Furthermore, we print out a logarithmic plot of memory size for each Series.

```
fig, ax = plt.subplots()
ax.set_ylabel('Bytes')
memory_usage.to_frame().plot(
kind='bar',
logy=True,
ax=ax,
);
```

**Output:**

Finally, we will try to see how memory usage behaves when the amount of different categories inside a Series grows.

# 4. Memory usage as function of size

For this analysis, we will create 2000 series with up to 2000 different categories.

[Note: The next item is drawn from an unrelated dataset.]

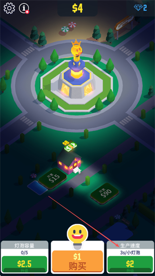 1、花費$1購買燈泡建筑,開啟城市建設(shè)。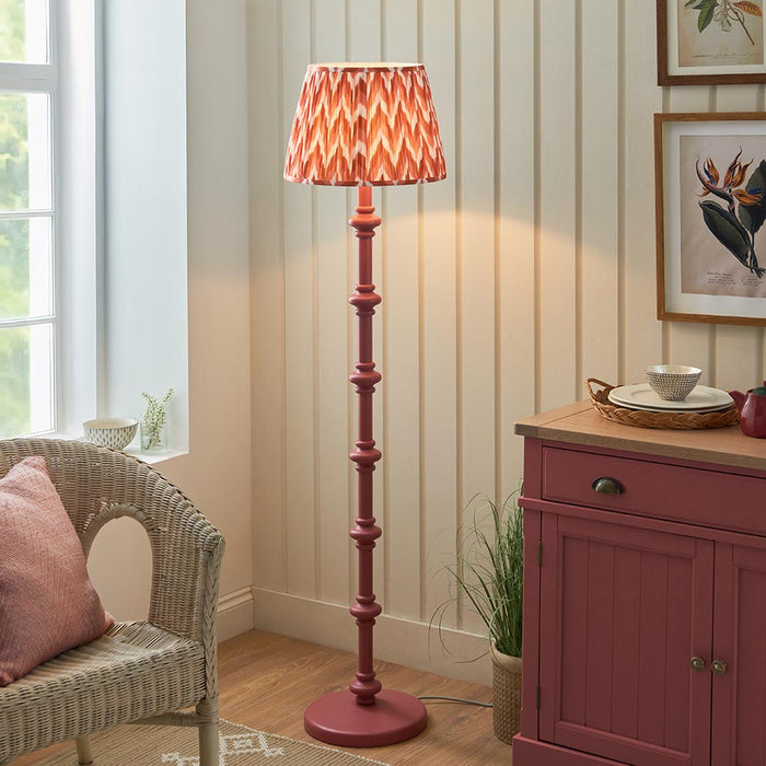 This unique wooden turned spindle floor light is inspired by past design styles with a fresh update. Painted in classic satin Pink Clay, with a brass B22 switched lamp holder and grey braided fabric flex. Each product is turned on a wood lathe by hand and will be unique; any variants in finish are part of the individual charm of the product. This floor light is finished with our bright apricot orange 40cm Zigzag shade for a unique, classic style.

As before, in order to allow us to understand the memory usage of category data in Pandas, we create the series once using the Pandas category data type and once just using plain Python objects.

First, we calculate the memory usage for the plain Python object series:

```
size_n = 2000
size = pd.Series(
{
i: random_words_series(
size_n, i, False,
).memory_usage(deep=True)
for i in range(1, size_n + 1)
},
name="Memory usage for n categories (object data type)",
).sort_values()
```

Right after that, we calculate the memory usage for all of the categorical series:

```
size_categorical = pd.Series(
{
i: random_words_series(
size_n, i,
).memory_usage(deep=True)
for i in range(1, size_n + 1)
},
name="Memory usage for n categories (categorical data type)",
).sort_values()
```

Now, we can put the sizes next to each other in a Pandas DataFrame. We will immediately see that despite the number of categories nearing 2000, the memory usage never comes close to that of the Series using plain Python objects.

```
sizes = pd.DataFrame([size, size_categorical]).T
sizes
```

**Output:**

Memory usage for n categories (object data type) | Memory usage for n categories (categorical data type) | |
---|---|---|

1 |
130080 | 2225 |

2 |
130080 | 2290 |

3 |
130080 | 2355 |

… |
… | … |

1998 |
130080 | 127460 |

1999 |
130080 | 127395 |

2000 |
130080 | 127460 |

We can plot these values against each other. Since the Python object Series always contain the same amount of data regardless of the number of categories we see that the memory usage is constant as well. For the category data type series we clearly see an increase in memory usage, but it never touches the constant line of the Python object series in the plot.

```
fig, ax = plt.subplots(1)
ax.set_xlabel('Random Words')
ax.set_ylabel('Bytes')
sizes.plot(
ax=ax
);
```

**Output:**

At this point we should ask ourselves whether string data should always be
stored as categorical data in Pandas. While one would assume that the added
indirection should provide no advantage when using non-categorical values, the
memory usage analysis here implies otherwise. We need to further inspect
whether the method to determine memory usage is sound, i.e. whether Pandas
`.memory_usage(deep=True)`

correctly takes in account all nested data. On the
other hand, with a low number of categories the memory savings are quite
significant. Here it always makes sense to switch the data type to categorical.

To sum it up: If category data is encountered, the Pandas category data type should always be used.